Sure, the seed was planted. But it took focus to change my own mind about something. It took effort to make new thoughts stick.
“My thighs are fine” I said, until, eventually, I felt like “fine” wasn’t really good enough anymore.
“My thighs are powerful” I thought, until I realized that powerful was indeed what they were, but that that certainly wasn’t the breadth of how I wanted to feel about them.
“My thighs saved my life” I thought, almost kind of surprised.
Huh I thought.
My
Thighs
Saved
My
Life
Kind of a weird thing to think.
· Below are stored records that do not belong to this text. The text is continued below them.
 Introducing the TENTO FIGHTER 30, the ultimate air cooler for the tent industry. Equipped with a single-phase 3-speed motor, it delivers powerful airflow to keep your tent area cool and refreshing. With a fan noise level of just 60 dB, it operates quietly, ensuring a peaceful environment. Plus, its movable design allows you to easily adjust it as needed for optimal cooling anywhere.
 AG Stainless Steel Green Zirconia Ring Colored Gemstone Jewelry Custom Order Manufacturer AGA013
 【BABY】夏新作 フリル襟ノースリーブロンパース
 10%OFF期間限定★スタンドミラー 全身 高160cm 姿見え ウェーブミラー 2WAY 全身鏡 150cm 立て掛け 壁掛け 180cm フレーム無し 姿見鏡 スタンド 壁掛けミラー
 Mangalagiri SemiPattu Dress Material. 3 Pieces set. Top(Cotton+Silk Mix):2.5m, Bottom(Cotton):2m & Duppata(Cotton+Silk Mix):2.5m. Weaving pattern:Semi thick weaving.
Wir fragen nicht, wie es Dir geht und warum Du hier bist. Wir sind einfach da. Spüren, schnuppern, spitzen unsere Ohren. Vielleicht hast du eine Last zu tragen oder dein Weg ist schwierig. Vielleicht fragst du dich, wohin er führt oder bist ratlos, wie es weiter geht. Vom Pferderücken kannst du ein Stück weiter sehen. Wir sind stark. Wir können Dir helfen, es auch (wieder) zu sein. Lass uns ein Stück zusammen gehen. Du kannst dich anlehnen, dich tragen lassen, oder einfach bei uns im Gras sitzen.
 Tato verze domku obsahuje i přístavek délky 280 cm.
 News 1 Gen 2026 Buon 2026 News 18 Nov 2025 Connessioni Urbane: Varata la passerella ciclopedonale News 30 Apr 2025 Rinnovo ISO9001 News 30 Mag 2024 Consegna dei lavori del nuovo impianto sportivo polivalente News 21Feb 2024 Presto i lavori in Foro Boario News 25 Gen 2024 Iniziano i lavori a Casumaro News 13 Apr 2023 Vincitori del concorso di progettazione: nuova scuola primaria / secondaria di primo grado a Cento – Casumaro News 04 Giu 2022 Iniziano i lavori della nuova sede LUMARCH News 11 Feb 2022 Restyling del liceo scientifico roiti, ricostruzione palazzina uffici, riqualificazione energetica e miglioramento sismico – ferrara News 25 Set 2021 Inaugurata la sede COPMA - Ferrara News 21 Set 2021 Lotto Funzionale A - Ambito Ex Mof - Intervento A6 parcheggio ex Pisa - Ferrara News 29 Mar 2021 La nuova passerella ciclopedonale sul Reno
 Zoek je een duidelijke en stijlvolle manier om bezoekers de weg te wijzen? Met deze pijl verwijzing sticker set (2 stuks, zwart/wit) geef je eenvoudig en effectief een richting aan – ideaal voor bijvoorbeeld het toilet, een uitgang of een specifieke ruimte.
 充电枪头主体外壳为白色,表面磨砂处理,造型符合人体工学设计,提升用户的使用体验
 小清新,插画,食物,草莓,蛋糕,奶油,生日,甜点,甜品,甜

But it was true, wasn’t it?
That my thighs walked me away from my alcoholic abusive parent as a teenager?
That they supported me when I no longer wanted to get out of bed?
That they took me, step by step, to every group therapy meeting I went to, every doctor’s appointment in the early days of recovery, even when I felt too tired to move? To the homes of every caring friend, to the gym and through every deadlift, sprint and push press?
Respecting my thighs became a conduit.
It brought me connection and intimacy because I stopped being afraid of eating, moving, and living amongst other people.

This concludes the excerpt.